Say you need to add an additional field. What lines will you need to edit?
{
"db": "postgres",
"host": "db.internal.org",
"password": "foo",
"username": "bar",
"timeout": 300
}
Add a comma to the end of the username line, and add the timeout line. Two lines are edited for an effective one line change. This sounds like a minor inconvenience, but it has real downsides.
It’s really easy to miss. Several outages at Google have been due to back configuration pushes. Accidentally adding an extra comma is also common too. Unless you have validation all over the place you WILL eventually screw this up.
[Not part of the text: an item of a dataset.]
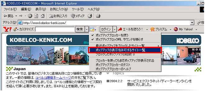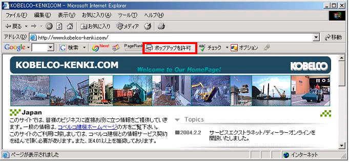 | ポップアップブロックにより正しく動作しない場合は |

The blame history becomes completely wrong. Everyone becomes responsible for a line they didn’t really intend to edit. Making a one liner masks whoever added the previous line.
Additionally, what are the units for timeout? Seconds? Milliseconds? It isn’t clear just from the name. Without any types stronger than “number”, you’d have to look at the code that consumes it.
Trade-Offs
I realize of course that there are technical trade-offs when designing something, and JSON is a product of those decisions. However, the rest of the world comes across as ignoring these. Instead of using JSON for what it is good at, they have decided to use it unilaterally. I picked on the above two merits of JSON because they are what we supposedly gain by using it. What have paid in return?
- Inefficient spacial encoding, bloating response sizes
- Inefficient CPU usage, spending far more cycles encoding and decoding compared to other formats.
- Forcing compromise between readable key names and space efficiency.
- Lack of type info, making typos caught on deployment.
The last two points are solved when you separate the schema from the data. JSON mixes the two together (similar to XML), and forces you to make more trade-offs.
If the JSON you use is less than 100 or so bytes long, everything seems rosy. It’s easy to read, easy to write, and you can keep track of everything in your head. When it grows beyond the size of your monitor, it shows its weakness.
Despite all this, JSON will continue to live on. Everyone supports it, so everyone keeps using it. It’s a safe to pick data format that everyone can agree on. We have given up our readability, our efficiency, and our safety.
Addendum
Warning: Bias! I work on gRPC as part of my day job. One of the major selling points of gRPC is that it is fast. Browse the web for a little while to see success stories of companies switching to gRPC and massively speeding up their systems. Faster systems = less money on computing resources = $$$.
Why are they so much faster? The main difference is because they switched from JSON to Protobuf, not that the transport layer is radically different. I’m not saying that Protobuf is what you should use, but it is leaps and bounds better than JSON. Even the text format of Protobuf is better, eliding unnecessary punctuation. Do your research before picking a format!